Setting up your vintage (classic) 68k Macintosh – Using Basilisk II

You probably know what Basilisk II is, but if not, a quick summary: Basilisk II is an open source emulator for 68k-based Macintosh computers that support 32bit memory that runs on Windows, OS X and Linux (also works on some other platforms). Running Basilisk II on a modern system will allow you to make changes to the minimal disk images I have on this site before you copy them on to their matching floppy disk (or floppyEMU), Iomega Zip Disk, CD-ROM, or SCSI2SD SD card.

Because Basilisk II is already well documented on sites like Emaculation, I’m only going to describe the basics of how to use Basilisk II to add or remove files from the disk images available to download on my site, to help you setup your 68k Macintosh.

Step 1: Download and install Basilisk II

The latest versions for Windows, OS X and Linux can be found on the E-Maculation Forum.

For Windows, you need a combinations of downloads: the BasiliskII.exe file from the 2015 build and the complete Basilisk II application from the 2010 build located on the internet archive and the GTK-runtime environment.

Step 2: Download and select a ROM file

To run Basilisk II you’ll need a file containing a copy of the ROM from the 68k Macintosh System you want to emulate.   Luckily, the macintosh repostiory has made them available to download.  I personally use the ROM image I generated from my LCIII using the ROM dumping utility bundled with Basilisk.   I believe you must use a ROM from a 68k System that supports 32bit memory.  Basilisk II comes with a program called Basilisk II Gui that you can use to setup Basilisk, the basic instructions from Emaculation can help you out.

Step 3: Get or create your startup disk

If you don’t already have BasiliskII setup and need a startup disk image, I suggest using the minimal System 7.5.5 Iomega Zip Disk image I created to get you up and running.   This image includes a minimal version of System 7.5.5 and several utilities that will help you install files under Basilisk.


Step 5: Download the Disk image(s) that you want to modify or copy from

You can download image files for floppy disks, floppy-EMU, Iomega Zip Disk, CD-ROM, and SD cards from my site that all work with Basilisk.  I suggest you use the images you want to modify as your second or later volume under Basilisk II.  In the example below I’ve used my Iomega Zip Disk image as the bootable volume, and I’m modifying my bootable CD-ROM image file before I burn it on to a CD-ROM disk for using on my LCIII.

For Windows I didn’t need to use HFVExplorer, and instead I was able to use the “enable my computer” feature which added a “This PC” icon to my desktop that I could used to access files on my Windows machine to copy in to Basilisk, including copying the OS 7.5.3 upgrade files to install the full version of OS 7.5.3 from the internet archive’s November 2012 snapshot of apple’s FTP site, then upgrading to OS 7.5.5 also from the internet archive’s snapshot.   If you’re using my Iomega Zip Disk image as the bootable volume, I’ve included StuffIt Expander 5.5, which you can use to unwrap the .bin files.

Once you’ve added or removed the files you want for a image, follow the instructions on it’s page for how to copy the updated image on to a floppy disk, floppy-EMU SD or MicoSD card, Iomega Zip Disk, CD-ROM, or SCSI2SD SD card on to the supported device.





2 thoughts on “Setting up your vintage (classic) 68k Macintosh – Using Basilisk II

  1. Very curious, I’m having problems on my SE. Is this because it’s not a 32bit?
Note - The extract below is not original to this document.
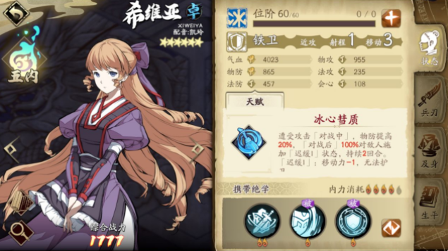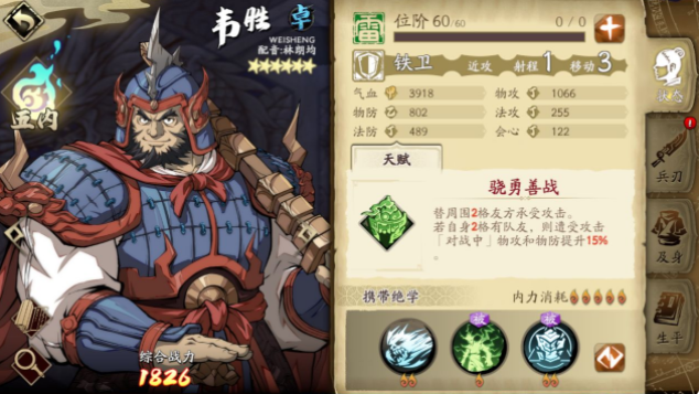 3、其他铁卫需要消耗2火的绝学韦胜作为被动全程自带,作为纯粹的肉盾相当实用,虽然基础属性稍低一些,但只要在注意属性克制的情况下就不会被秒。

Is it because it runs a 68000 Instead of a 68030? I need to use a 32bit rom I understand but then the rom does not match my machines rom. How could I solve this issue?

    • What problems? Will it not boot? Before you try using any of the images I created you’ll need to open the image in Basilisk and then change the memory setting to 24bit and shut down the emulator.
      After you make this change the image will NOT boot in Basilisk, but should boot under your SE.